### [Exercise details]
The answer must consist solely of the lines from the start of the records through the line containing "Главная страница >", restated word for word, with no pictures.
▬▬▬▬▬▬▬▬▬▬
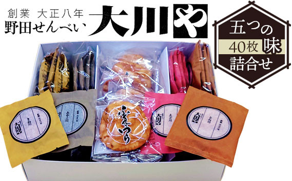 | 容量 | 野田せんべい 全40枚セット 5種類(とね川、えど川、きぬ川、みやこ川、ふくれっつら) 直射日光・高温多湿を避け、開封後は早めにお召し上がりください。 |
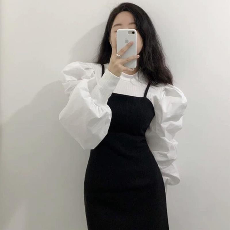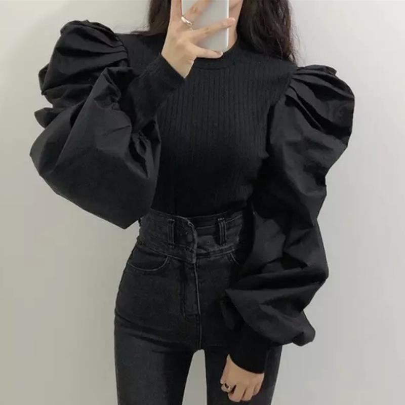 Главная страница > Корейская ранняя осенняя тонкая рубашка в дворцовом стиле с круглым вырезом и резьбой, с манжетами и пышными рукавами, тонкий топ для женщин
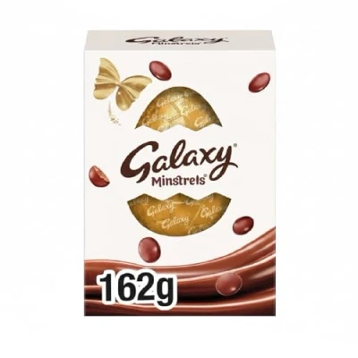 A sophisticated Easter egg made from smooth Galaxy milk chocolate and including two packs of Galaxy Minstrels This chocolate easter egg is a divine piece of indulgence, even more decadent when shared It also adds some luxury to an Easter hamper or chocolate bouquet set to please any chocolate lover This Easter egg carton is fully recyclable A hollow milk chocolate Easter egg with two 42g packs of Galaxy Minstrels Hollow egg is Galaxy smooth milk chocolate Contains crunchy caramel pieces, dusted with a gold coloured coating Ideal gift for Easter or for Easter egg hunts Suitable for vegetarians
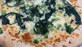 Spinach, broccoli, garlic, mozzarella.
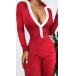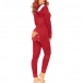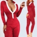 Casual Style Solid Color Long Sleeve Back-button Plush Loungewear Nightwear Jumpsuit
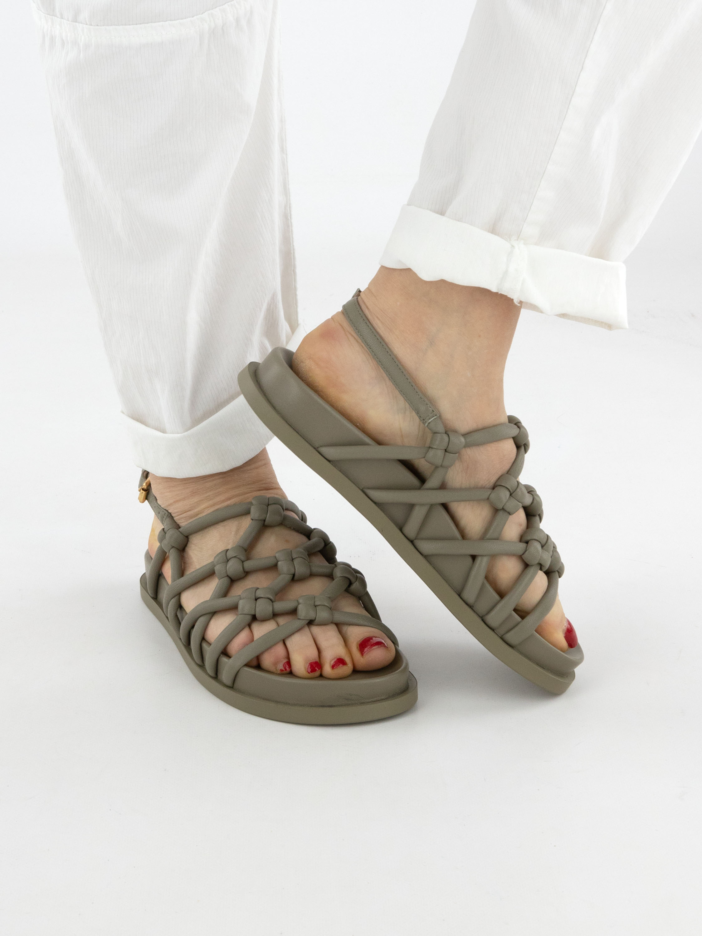 Sandale von AGL aus kreuzweise geflochtenem Leder in einem edlen Olivgrün. Das verstellbare Fersenriemchen sorgt für eine bequeme und optimale Passform.
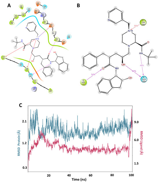 Molecular dynamics for the best docking pose of Indinavir in the active site predict over 35% of time interactions with Tyr268, Leu162, and Gln269 (Figure 4B). Additionally, the formation of a new interaction with a chiral OH of indinavir and Gln269 can be observed for 62% of the total simulation time. At the Y268 site, interactions between indinavir and the residues Asp164, Tyr268 and Gln269 are also observed. Additionally, Lys157 establishes a hydrogen bond interaction with an amide oxygen. The RMSD plot for the protein and the complex are shown in Figure 4C. The worst stabilization for Indinavir was at the H73 site. (See Supplementary Materials). Based on these results, it can be concluded that Indinavir is a good anti-SARS-CoV-2 candidate to be evaluated in vivo as a PLpro inhibitor, with a potential affinity for the C111 and Y268 active sites.
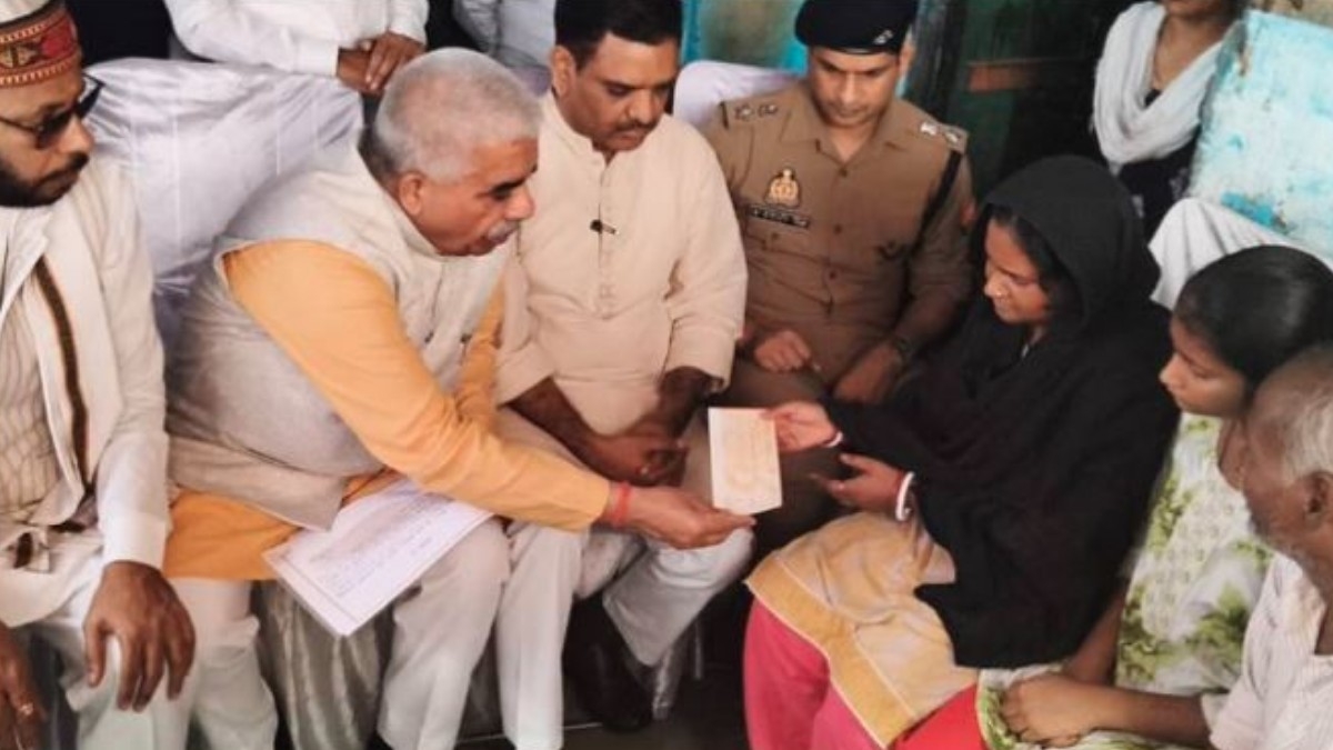 रायबरेली। उत्तर प्रदेश के रायबरेली जिले में मॉब लिंचिंग में मारे गए दलित युवक हरिओम वाल्मीकि के परिवार से मिलने शनिवार को योगी सरकार के मंत्री राकेश सचान और असीम अरुण पहुंचे। ऊंचाहार के नई बस्ती स्थित पीड़ित परिवार से मुलाकात कर दोनों मंत्रियों ने ढांढस बंधाया और सरकार की ओर से आर्थिक सहायता के रूप में 13.84 लाख रुपये की चेक सौंपी — जिसमें मृतक की पत्नी पिंकी वाल्मीकि और पिता गंगादीन को क्रमशः 6.92-6.92 लाख रुपये दिए गए।
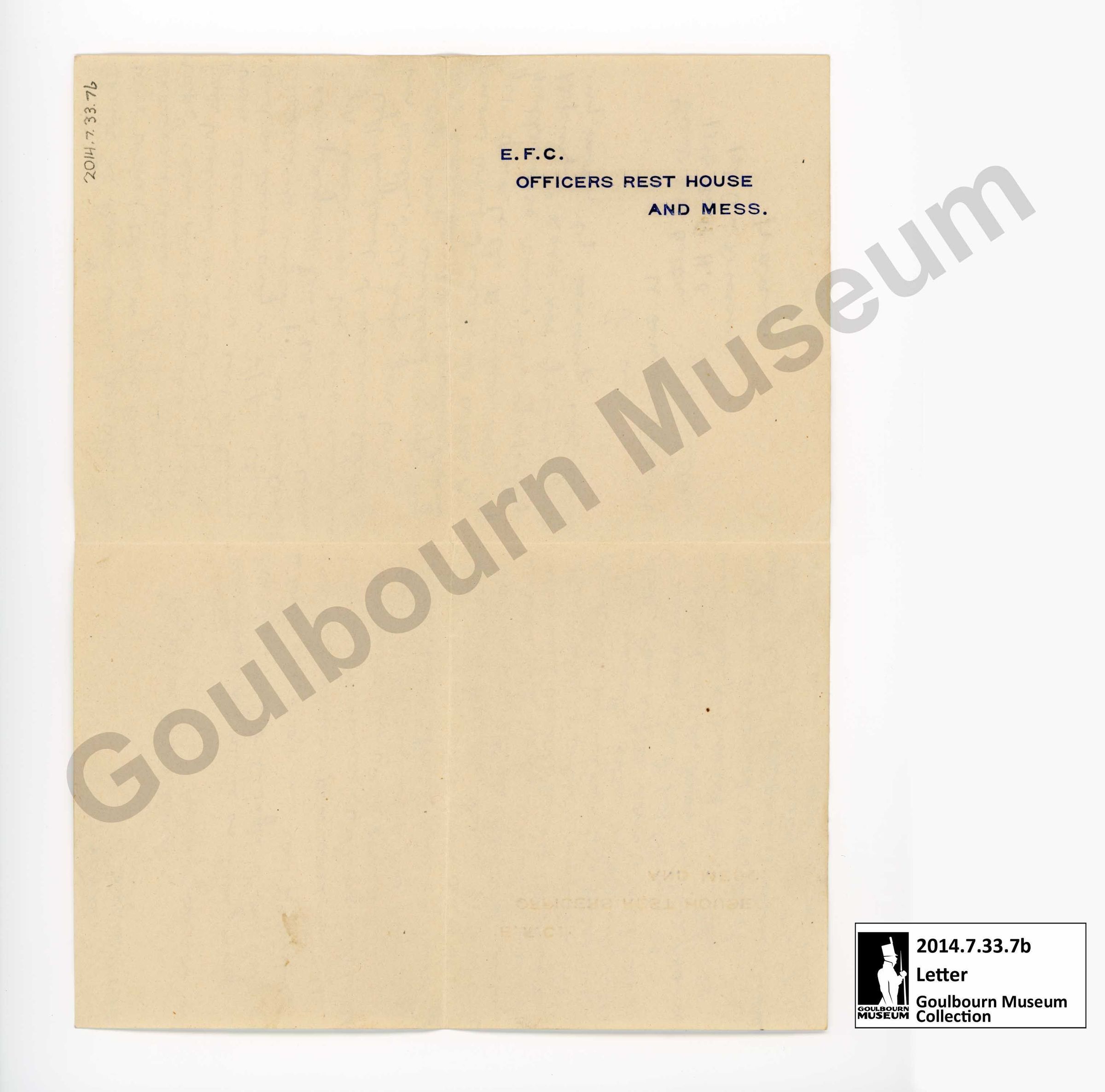 The letter 2014.7.33.7b is executed on a single sheet of cream/tan coloured paper. The primary body of text is executed in a black ink, handwritten, rendered in cursive. It is likely this letter was folded in half along a vertical axis, as the first page occurs on the proper left half of the front, while the second page appears on the front proper right. The first page, at the proper left of the front, begins "France Aug. 22nd 1918" at the top. The second page at the proper right half features a "2" at the top. Both pages of the front are entirely covered in script. The back features three lines of script in a printed blue ink which read "E.F.C OFFICERS REST HOUSE AND MESS." These lines of text are perpendicular to the text body on the front.Subject Person/Organization
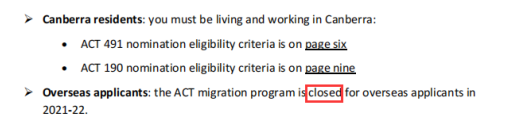 7月6日,ACT首領地在官網上公布了最新的guidelines,此次更新最重要的變化就是ACT推出了小生意主(SBO)類別,同時打分表也進行了一些修改!190或491州擔申請要求沒有大變化!
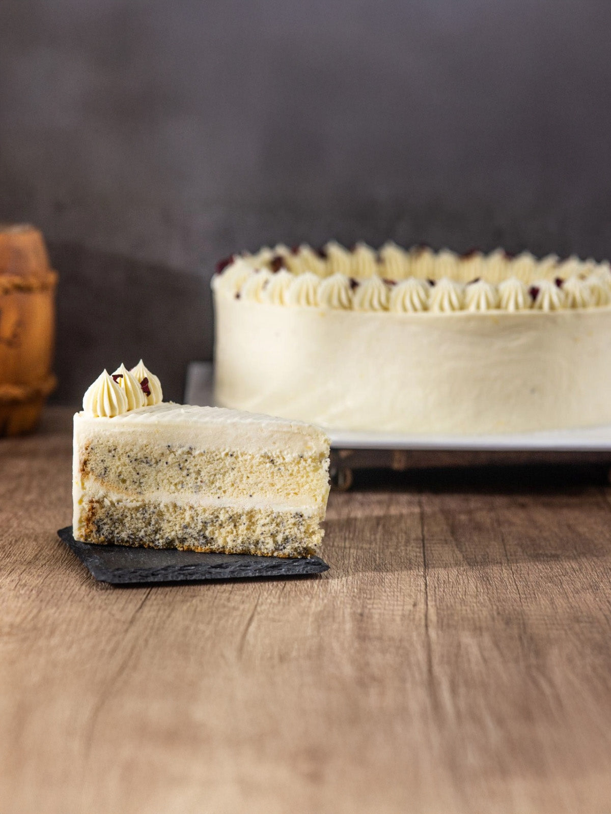 This cake features a combination of spongy poppy seed butter cake layer with lemon cream cheese mousse
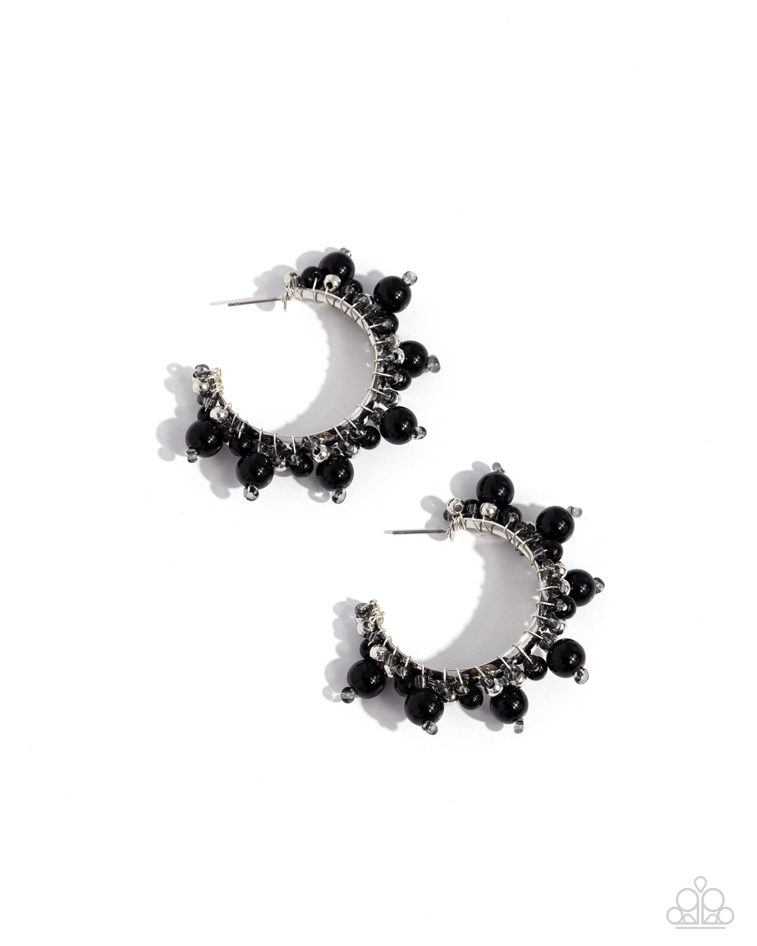 Threaded along a dainty silver wire, smoky black seed beads, silver beads, and black pearls explode and wrap across the front of a classic silver hoop for an unexpected pop of shimmer. Hoop measures approximately 1 1/4" in diameter.
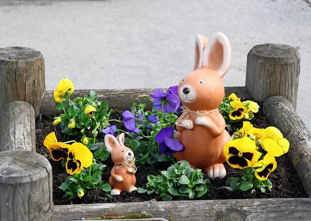 Zu Ostern werden die Blumenkübel in der Dornbreite auch mit Hasen geschmückt.Foto: Interessengemeinschaft DornbreiteLübeck. Auf Initiative der Interessengemeinschaft Dornbreite wurde im Juli 2001 in Zusammenarbeit mit der Hansestadt Lübeck das Konzept zur Verkehrsberuhigung auf der Dornbreite verbessert. Die zuvor aufgestellten Metallgitter – im Volksmund auch als Schweinebuchten bezeichnet – wurden durch Blumenkübel ersetzt. Die Bepflanzung der Blumenkübel, inzwischen in der zweiten Generation, feiert in diesem Jahr 25-jähriges Jubiläum.
▬▬▬▬▬▬▬▬▬▬
### [Answer for this exercise]
 | 容量 | 野田せんべい 全40枚セット 5種類(とね川、えど川、きぬ川、みやこ川、ふくれっつら) 直射日光・高温多湿を避け、開封後は早めにお召し上がりください。 |
 Главная страница > Корейская ранняя осенняя тонкая рубашка в дворцовом стиле с круглым вырезом и резьбой, с манжетами и пышными рукавами, тонкий топ для женщин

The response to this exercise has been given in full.